Two particles of masses \(2m\) and \(m\) are attached to the ends of a light elastic flexible string of natural length \(a\) and modulus \(mg\), which is free to slip over a smooth peg. Initially the mid-point of the (unstretched) string is held in contact with the peg, and the particles hang in equilibrium on either side of the peg. The mid-point is now set free. If \(x\) and \(y\) denote the depths of the particles below the peg at time \(t\) subsequent to the release, show that \[ 2\ddot{x}-\ddot{y} = g, \quad \ddot{x}+\ddot{y} = \frac{7}{2}g - \frac{3g}{2a}(x+y). \] Verify that \begin{align*} x &= \frac{13a}{9} - \frac{1}{6}gt^2 + \frac{a}{18}\cos nt, \\ y &= \frac{8a}{9} - \frac{1}{6}gt^2 + \frac{a}{9}\cos nt, \end{align*} where \(n^2=3g/(2a)\), these expressions being valid until one particle reaches the peg.
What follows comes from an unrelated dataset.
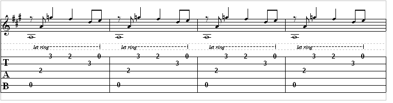 To play this riff, go ahead and place your 1st finger on the second fret on the “G” string. Now that you have done that, place your 3rd finger on the third fret on the “high E” string. Now, play the “A” string open, then play the “D” string, and then play the “high E” string. Next, take your 3rd finger off of the “high E” string and play once on the second fret with your 2nd finger on the “high E” string. Then, place your 3rd finger on the third fret on the “B” string. End the measure by playing the “high E” string once.

Show that when a particle describes a curve its acceleration components along and perpendicular to the curve are \(\frac{d v}{d t}\) and \(\frac{v^2}{\rho}\), where \(v\) is the velocity of the particle, and \(\rho\) is the radius of curvature at the instantaneous position of the particle. \par Two equal particles are connected by a light inelastic string of length \(\pi a\), and are placed on a smooth circular cylinder of radius \(2a\) which has its axis horizontal, so that they rest in unstable equilibrium with the string passing over the top of the cylinder. If the equilibrium is slightly disturbed, find the tension in the string and the reactions of the particles on the cylinder in terms of the angular displacement, and show that the lower particle leaves the cylinder when at an angular distance of approximately 77\(^\circ\) 20' from the top.
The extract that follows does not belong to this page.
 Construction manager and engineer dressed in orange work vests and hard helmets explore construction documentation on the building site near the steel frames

Two conics \(S\) and \(S'\) meet in the four points \(A, B, C, D\). Through \(A\) a variable line \(l\) is drawn meeting \(S\) in \(P\) and \(S'\) in \(X\). \(BP\) meets \(S'\) again in \(Y\), and \(BX\) meets \(S\) again in \(Q\). Show that if \(A, Y, Q\) are collinear for one position of \(l\), then this will also be the case for every position of \(l\), and as \(l\) varies, the lines \(PQ\) all pass through a fixed point \(U\), and the lines \(XY\) all pass through a fixed point \(V\). Show further that in this case the pole of \(AB\) with respect to \(S\) is the same as the pole of \(CD\) with respect to \(S'\), and the pole of \(CD\) with respect to \(S\) is the same as the pole of \(AB\) with respect to \(S'\).
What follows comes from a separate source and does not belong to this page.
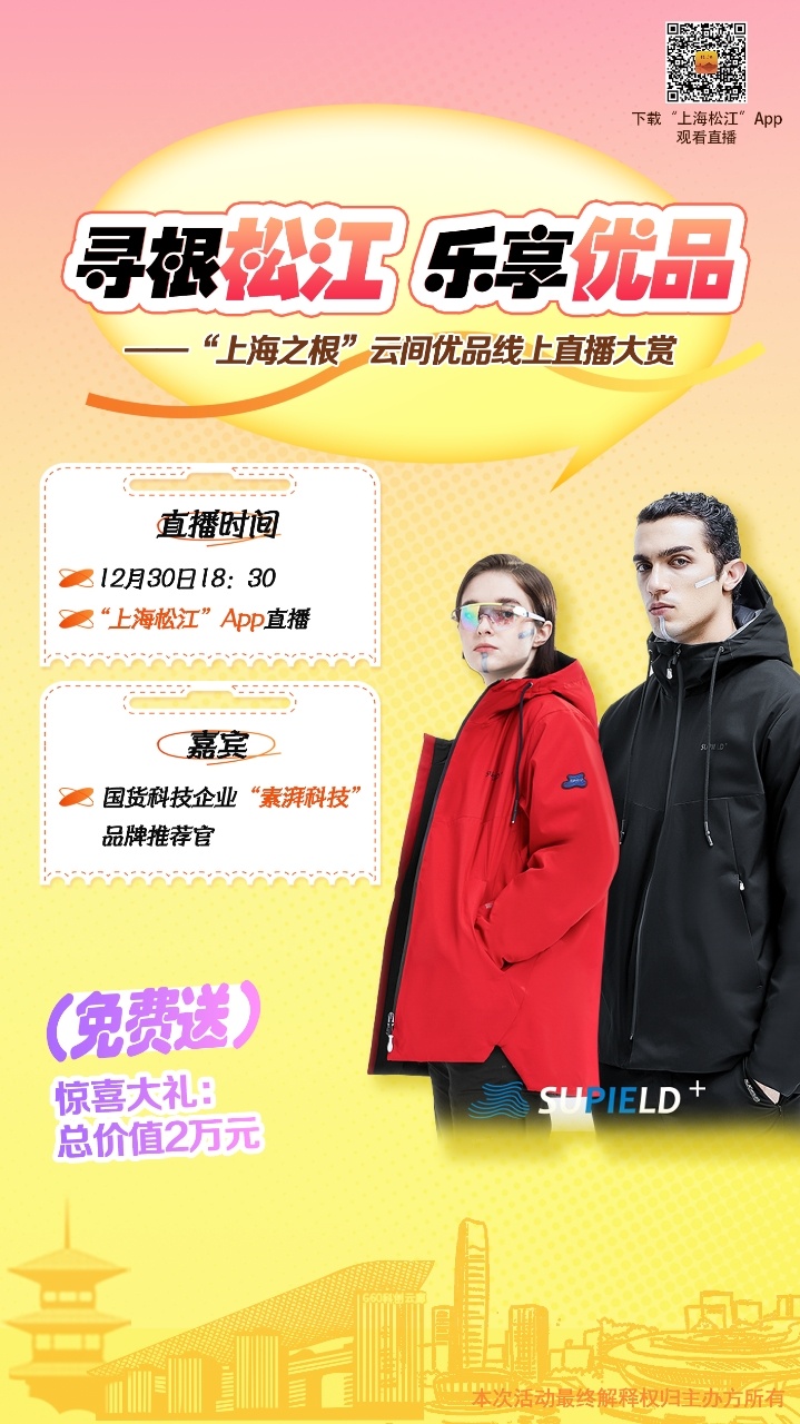 “上海松江”客户端作为“云间优品”直播大赏的官方平台,已成功打造多场本土企业专场直播,让云间优品走进千家万户。此次素湃科技专场,既是企业对本土消费者的感恩回馈,也是松江科创实力与本土品牌魅力的集中展现。12月30日下午6时30分,锁定“上海松江”客户端直播间,与素湃科技一同解锁科技保暖的奥秘,把温暖与惊喜带回家。

Deduce from the triangle (or parallelogram) of forces (i) that a system of forces in a plane can be reduced either to a single force or to a couple, (ii) that the sum of the moments of the forces about any point in the plane is equal to the moment of this resultant force about the point or, if the system reduces to a couple, to the moment of this couple.
Prove that the inverse of a circle is either a circle or a straight line. Two fixed circles \(C\) and \(C'\), of radii \(r\) and \(r'\), touch at the point \(O\). Two variable circles \(\Gamma\) and \(\Gamma'\) each touch both \(C\) and \(C'\), and also touch each other at the point \(P\). Show that as \(\Gamma\) and \(\Gamma'\) vary, \(P\) describes a circle touching \(C\) and \(C'\) at \(O\). Find the radius of this circle in terms of \(r\) and \(r'\), distinguishing between the cases in which \(C\) and \(C'\) are on the same or on opposite sides of their common tangent.